┏━━

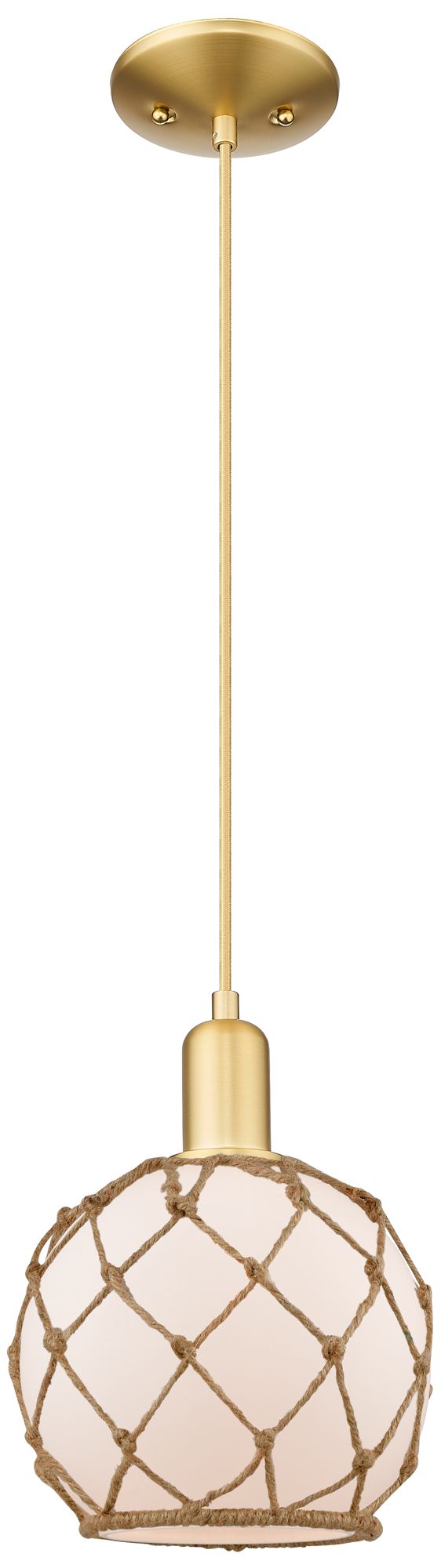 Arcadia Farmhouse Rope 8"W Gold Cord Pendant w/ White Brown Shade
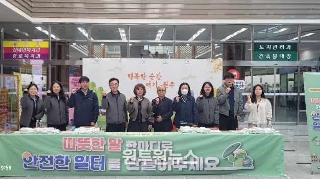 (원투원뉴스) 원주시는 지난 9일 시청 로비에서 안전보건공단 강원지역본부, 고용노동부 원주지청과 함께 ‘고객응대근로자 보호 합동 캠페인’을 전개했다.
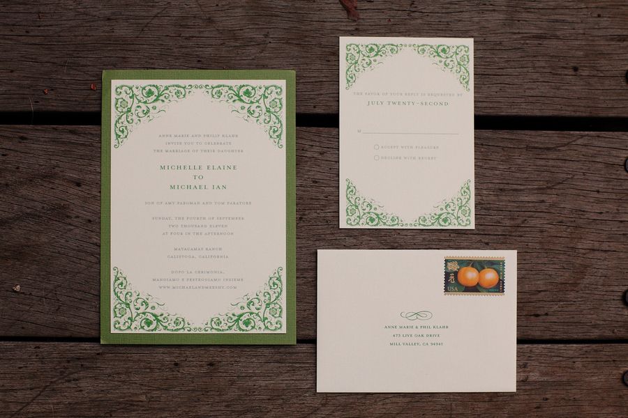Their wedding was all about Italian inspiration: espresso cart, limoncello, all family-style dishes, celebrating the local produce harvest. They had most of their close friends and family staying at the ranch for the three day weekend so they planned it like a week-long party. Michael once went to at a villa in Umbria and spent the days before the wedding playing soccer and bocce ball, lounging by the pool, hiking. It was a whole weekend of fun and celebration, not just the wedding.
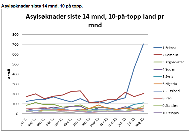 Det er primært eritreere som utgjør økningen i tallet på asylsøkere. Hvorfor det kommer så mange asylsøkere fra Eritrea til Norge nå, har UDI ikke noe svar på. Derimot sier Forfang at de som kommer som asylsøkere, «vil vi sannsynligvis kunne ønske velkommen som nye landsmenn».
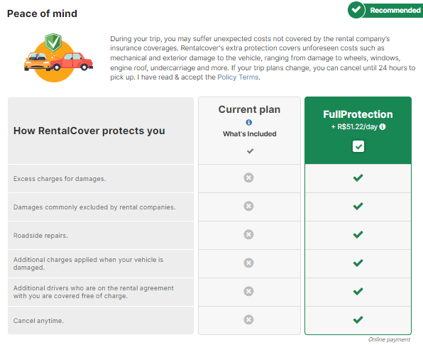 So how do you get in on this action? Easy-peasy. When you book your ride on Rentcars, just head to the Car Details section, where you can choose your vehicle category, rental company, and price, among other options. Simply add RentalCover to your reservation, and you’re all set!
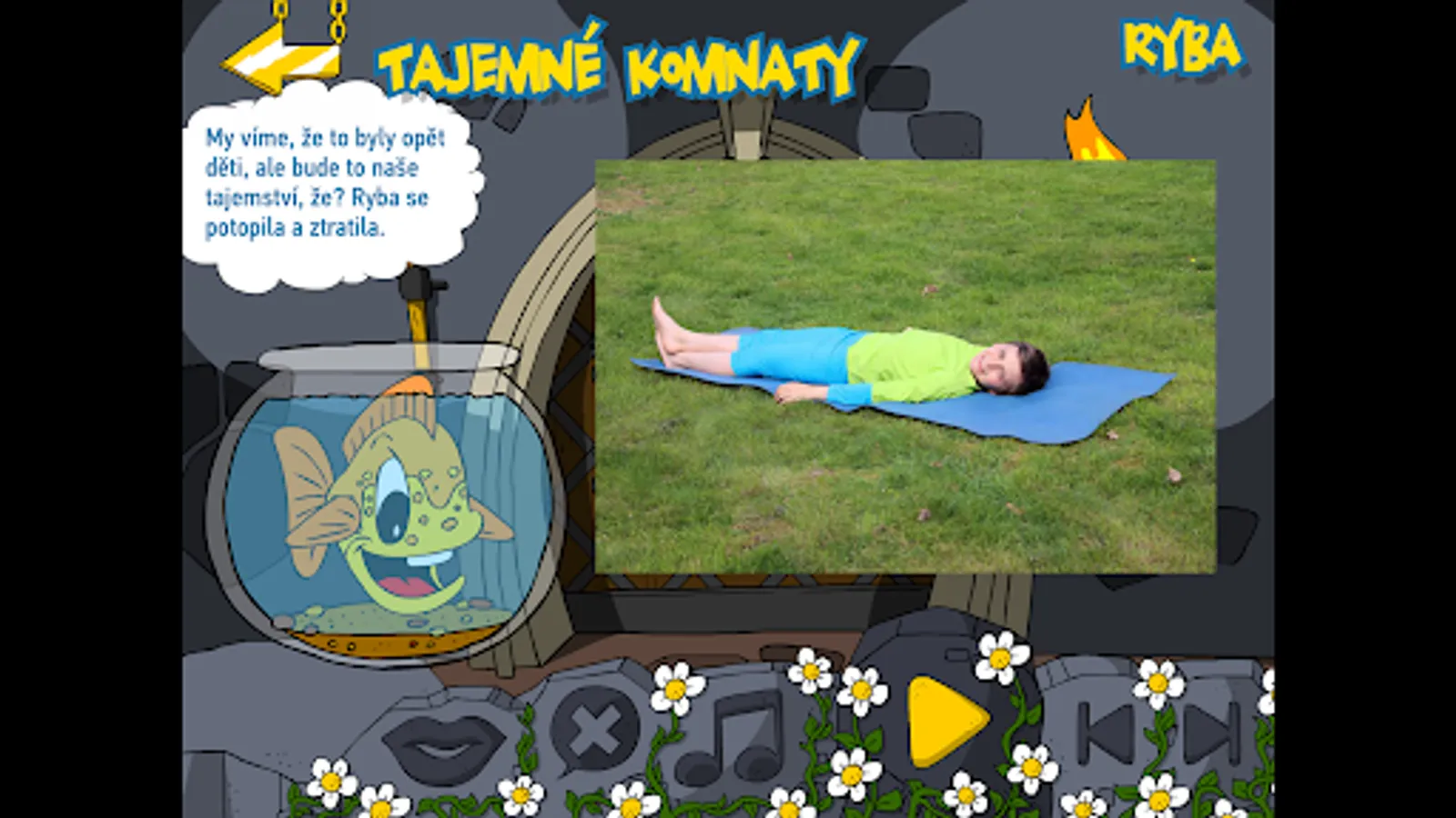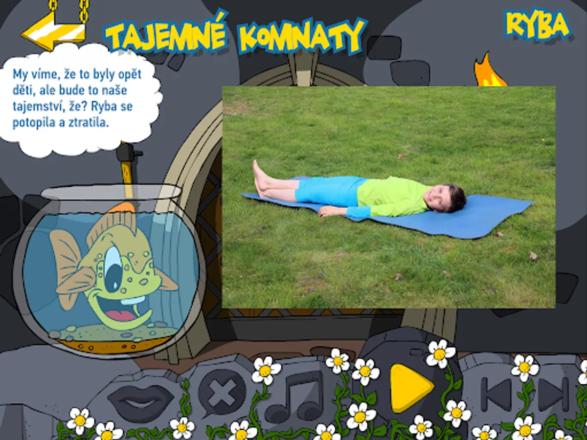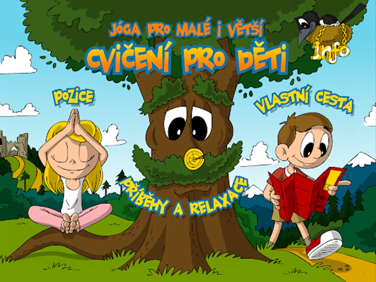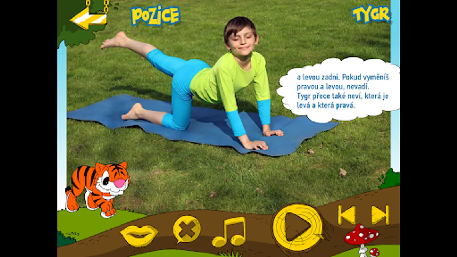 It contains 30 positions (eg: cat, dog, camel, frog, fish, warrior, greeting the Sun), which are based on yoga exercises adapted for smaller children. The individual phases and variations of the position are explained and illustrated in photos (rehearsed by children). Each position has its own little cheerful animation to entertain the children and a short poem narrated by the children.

┗━━

_Exercise_
Without any pictures, please reproduce the full set of entries.

_Reply_
 Arcadia Farmhouse Rope 8"W Gold Cord Pendant w/ White Brown Shade
 (원투원뉴스) 원주시는 지난 9일 시청 로비에서 안전보건공단 강원지역본부, 고용노동부 원주지청과 함께 ‘고객응대근로자 보호 합동 캠페인’을 전개했다.
Their wedding was all about Italian inspiration: espresso cart, limoncello, all family-style dishes, celebrating the local produce harvest. They had most of their close friends and family staying at the ranch for the three day weekend so they planned it like a week-long party. Michael once went to at a villa in Umbria and spent the days before the wedding playing soccer and bocce ball, lounging by the pool, hiking. It was a whole weekend of fun and celebration, not just the wedding.
 Det er primært eritreere som utgjør økningen i tallet på asylsøkere. Hvorfor det kommer så mange asylsøkere fra Eritrea til Norge nå, har UDI ikke noe svar på. Derimot sier Forfang at de som kommer som asylsøkere, «vil vi sannsynligvis kunne ønske velkommen som nye landsmenn».
 So how do you get in on this action? Easy-peasy. When you book your ride on Rentcars, just head to the Car Details section, where you can choose your vehicle category, rental company, and price, among other options. Simply add RentalCover to your reservation, and you’re all set!
 It contains 30 positions (eg: cat, dog, camel, frog, fish, warrior, greeting the Sun), which are based on yoga exercises adapted for smaller children. The individual phases and variations of the position are explained and illustrated in photos (rehearsed by children). Each position has its own little cheerful animation to entertain the children and a short poem narrated by the children.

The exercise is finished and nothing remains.